Si el alcalde Yunda, algún rato que tenga libre, decide salir de paseo por el Centro, sería bueno que visitara la intersección de las calles Manabí y Benalcázar. Le aconsejo ir a las seis de la mañana, cuando el aire es puro. Notará, quizá, al hacer una inhalación profunda, un cierto olor a amoníaco. Puesto que en el sector no hay pescaderías, sino un dispensario del IESS convertido en bodega, se preguntará de dónde llega el olor. Verá para un lado, verá para otro y, guiado por su olfato, llegará a la fuente: las paredes y la acera que bordea el dispensario. Si quiere tener una evidencia más fuerte, debe acudir a las once u once y media de una mañana de verano. Para apreciar mejor el efecto, podría situarse en la vereda de enfrente, donde se encuentra una casa patrimonial restaurada, en cuya fachada, hace algunos meses, había un letrero que decía —palabras más, palabras menos—: “Aquí funcionará la Embajada de Palestina. Costo: 800.000 dólares. Otra obra de la Revolución Ciudadana”.

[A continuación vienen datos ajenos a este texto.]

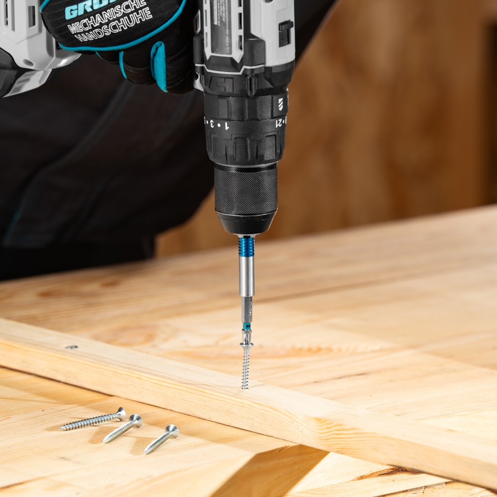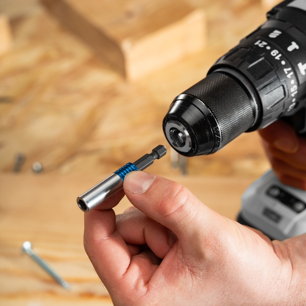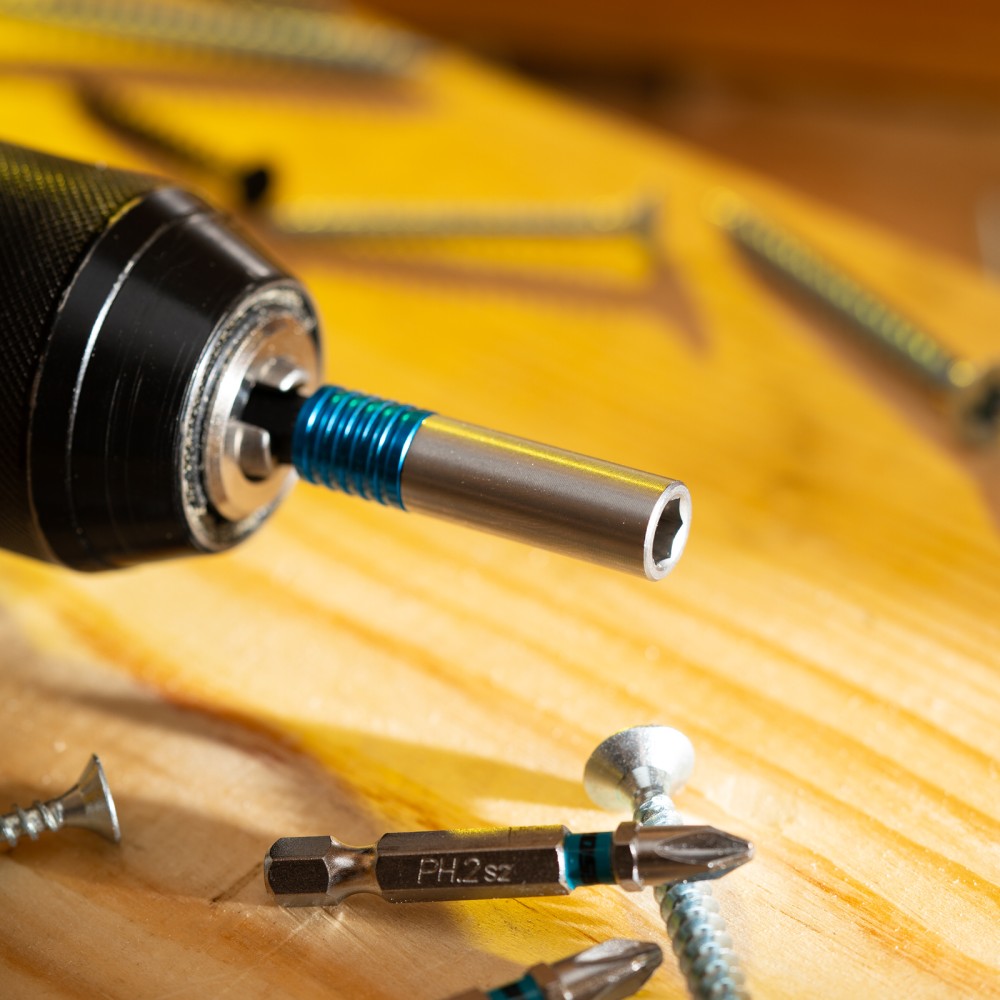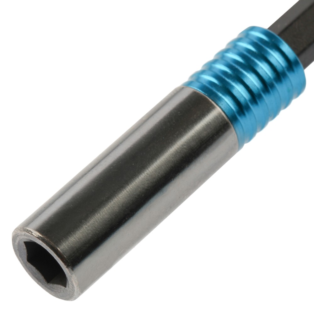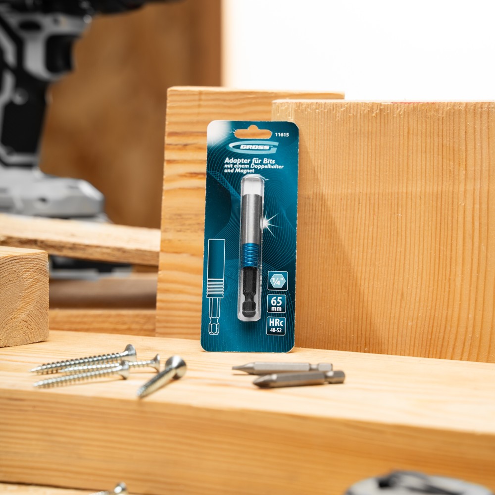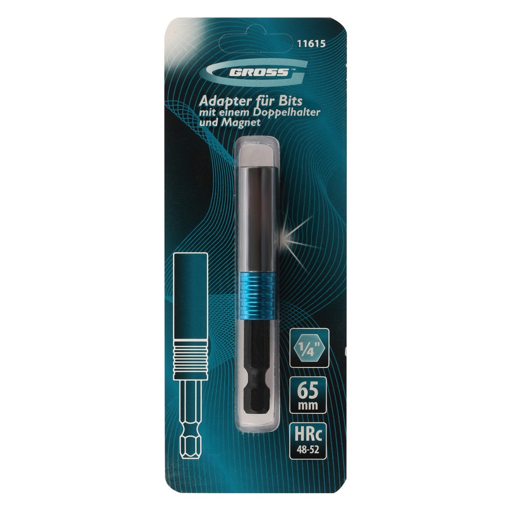Адаптер для бит Gross 11615 с двойным держателем и магнитом, длиной 65 мм, с присоединительным размером 1/4″, позволяет надежно зафиксировать и быстро заменить оснастку. Устанавливается в патрон шуруповерта, используется для монтажа и демонтажа резьбовых соединений. Адаптер подойдет как для домашнего, так и для профессионального использования: сборки мебели, выполнения строительных и ремонтных работ.ПреимуществаПовышенная износостойкость и долговечность — адаптер изготовлен из хромованадиевой стали твердостью 48-52 HRC.Надежная фиксация — благодаря быстрозажимному механизму и встроенному магниту бита не выпадает во время работы.Комфортная работа — вращающаяся муфта позволяет удерживать битодержатель, чтобы придать устойчивости крепежу.Система Quick-Lock — бита освобождается одним движением, достаточно потянуть за муфту вниз.

Sus dueños —no sé si es correcta la palabra— olvidan siempre recoger los desechos que dejan sus mascotas —tampoco sé si esta palabra es la adecuada— y reaccionan de muy mala manera si algún vecino les llama la atención por su descuido.
Siguiendo su paseo por el Centro, comenzará a sentirse ansioso, a causa del ruido generado por los parlantes y altavoces de los negocios de la zona, farmacias incluidas. Estos, más las bocinas furiosas de los autos y las voces de los cantantes, ubicados a cinco metros los unos de los otros, le mostrarán que la promiscuidad es, también, una realidad sonora. Aturdido, es posible que pierda el sentido de orientación y termine resbalando en alguno de los soberbios gargajos que los quiteños —más que las quiteñas—, siempre preocupados por su limpieza interna, arrojan en las aceras.
Si sus guardaespaldas consiguen protegerle de la caída y quiere seguir caminando y consigue avanzar conteniendo la respiración, para no caer envenenado por los gases que emiten los autos descompuestos, tendrá ocasión de asistir a alguno de los actos de “Quitunes”. Le aconsejo que, por ningún motivo, exhiba su celular, sobre todo, si está viajando en un auto con la ventana abierta, a no ser a la hora de almuerzo, cuando las personas que ejercen el oficio del “arranche” hacen una parada estratégica.
Por suerte, tenemos iglesias góticas y barrocas y, si el alcalde se dedica a su contemplación, elevará su espíritu a los cielos y, de este modo, no advertirá la presencia de las tarrinas de comida, los condones usados, las botellas de cerveza, las envolturas de caramelos, los palos de helado y sorbetes que, arrastrados por el viento, se arremolinen a sus pies.